Rich is just glad I didn't make good on my promise and try to turn David Sedaris straight. I did wear my red stilettos and sassy undies just in case.

3 comments:

Pam said...

Very funny! Good luck with the decoupage project! And those keys to world peace. THAT would be awesome.

Amy said...

I can't wait to see pictures of your project. Good luck with it.

Lady Jane said...

I love David Sedaris and I am sooo jealous that you got to be at a reading of his!!

Monday, April 20, 2009

Hysterical

There are two events I need to mention here, in this space, whatever this space is - an immature writing (read 'whining') forum, a delicate smartassery, and/or a half-assed diary of sorts. But these two things are something I don't want to forget, so it's best that I tap them out for posterity.. or something. In no particular order (other than one first, then the other - which happens to be a particular order, though that's neither here nor there, except that it's here.. because it is..in this space, whatever this space is), here they are:

#1 I had a creative burst of energy the other day, so I went to the nearest craft store and bought the largest canvas I could afford and some découpage goup. The main reason I'm mentioning this is not so you'll have any of the following reactions:

a. Wow! She's ambitious!

b. Wow! She's insane to think she has time for an art project on top of everything else in her ridiculously disheveled life! I mean, she's got a kid now. Doesn't she know she's supposed to only bake cookies and make butterflies out of paper bags and foil? Doesn't she remember that she should only be concerned with which pair of stonewashed mom jeans rides up the highest and which canvas visor protrudes out far enough to keep the sun off of her AND Baby Jack? What the hell?
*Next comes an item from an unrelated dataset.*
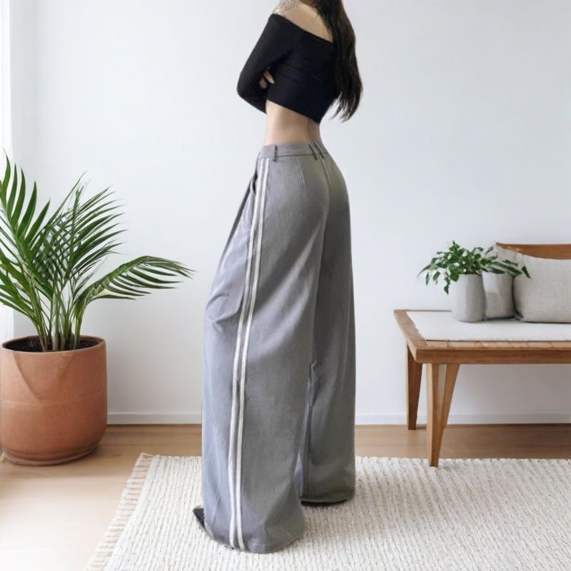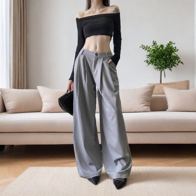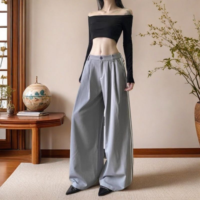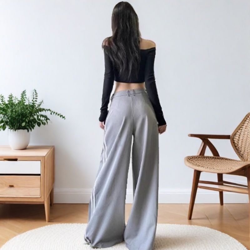봄 새로운 비 기모 얇은 천연 허리 긴 세트 넓은 다리 바지 느슨한 슬림 드레이프 바지스토어 가기

c. Wow. I hope what she has isn't contagious. Geez. I hope the découpage works for her. (Whispered) I wonder if she's told all of her partners about this..

No. Hopefully you didn't respond in any of those ways, though I would be sort of cosmically impressed if choice b was your word for word response.
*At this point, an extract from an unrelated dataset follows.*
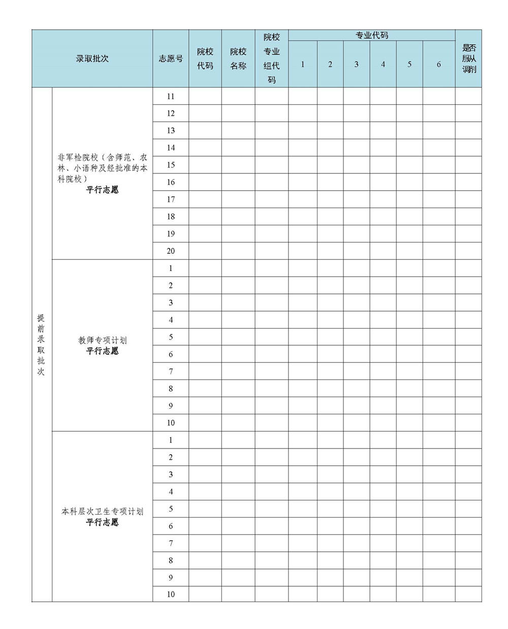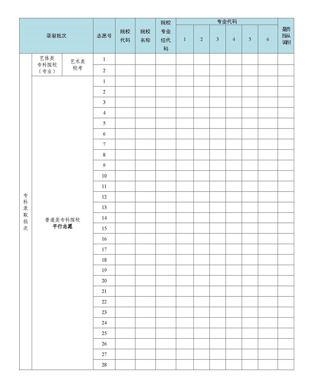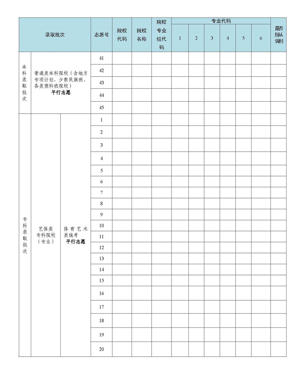 2023年广东省高考志愿表

I am telling you this because I want to actually follow through on the project. So if in a week or four if I haven't mentioned it again, come and kick my ass. I mean, please remind me that I was ambitious once, and that if I don't follow through, Obama might hug Hugo Chavez next time, thus causing the collapse of the universe as we know it, and we'll be left with Newt Gingrich sticking out his tongue and then singing "I told you so, I told you so! Rick Perry and I totally knew this would happen!" as we all implode together - except for Texas which will find a way to secede from total world destruction.
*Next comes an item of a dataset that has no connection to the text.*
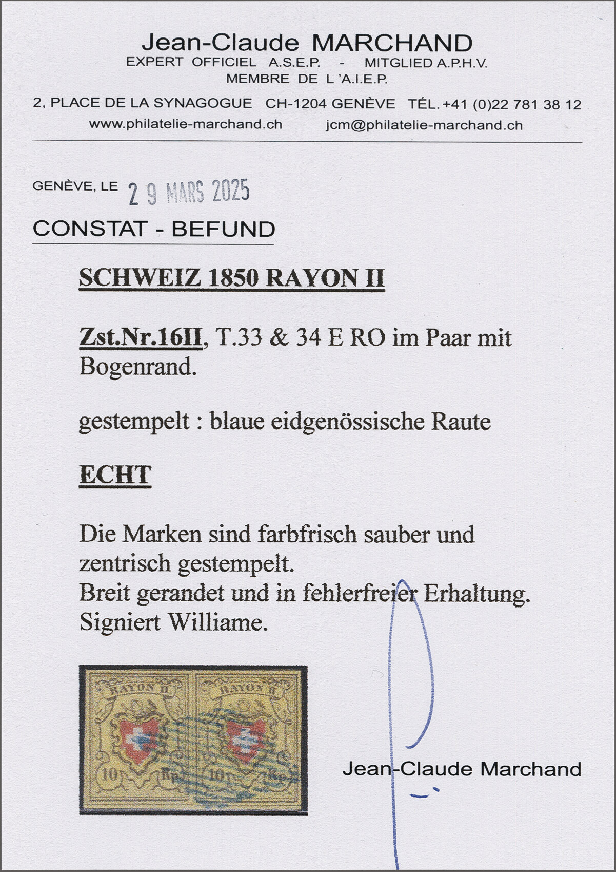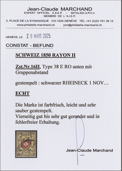 Stein E, Type 4 mit Gruppenabstand unten, eine farbintensive und breit- bis überrandige Prachteinheit, zart und zentrisch entw. mit blauer eidg. Raute. Attraktives Stück; signiert Williame; Befund Marchand (2025) SBK = CHF

#2 I went to hear David Sedaris give a book reading last night at SMU. I've thought about how I would write about the experience, but every time I try to put it into words, it sounds like Chris Farley on Saturday Night Live when he was all, "Remember that one time, when David Sedaris read his stories and was funny and stuff. Um.D'you remember that? It. was. AWESOME!" But nobody remembered, or if they did, it was vaguely.. So, I decided I'm not even going to try, except to say that

It. was. AWESOME!

He's my hero. This was my first formal reading (the informal one being the time Naomi Shihab-Nye came to my classroom to speak to my students and give a writing workshop(!)), and it was better than I could've imagined. Well, OK. It might have been better if, say, Billy Crudup was sitting next to me, trying to distract me in some outrageously flirtatious way. Oh and if there were Merlot available.. And chocolate. Or maybe if all of a sudden everyone collectively reached into their pockets, finding in them all the keys to world peace and ones that would forever end world hunger, and then they were willing to match those keys to their respective locks.. That would've been cool. But apart from those things, it was the best it could be.

Rich is just glad I didn't make good on my promise and try to turn David Sedaris straight. I did wear my red stilettos and sassy undies just in case.

3 comments:

Pam said...

Very funny! Good luck with the decoupage project! And those keys to world peace. THAT would be awesome.

Amy said...

I can't wait to see pictures of your project. Good luck with it.

Lady Jane said...

I love David Sedaris and I am sooo jealous that you got to be at a reading of his!!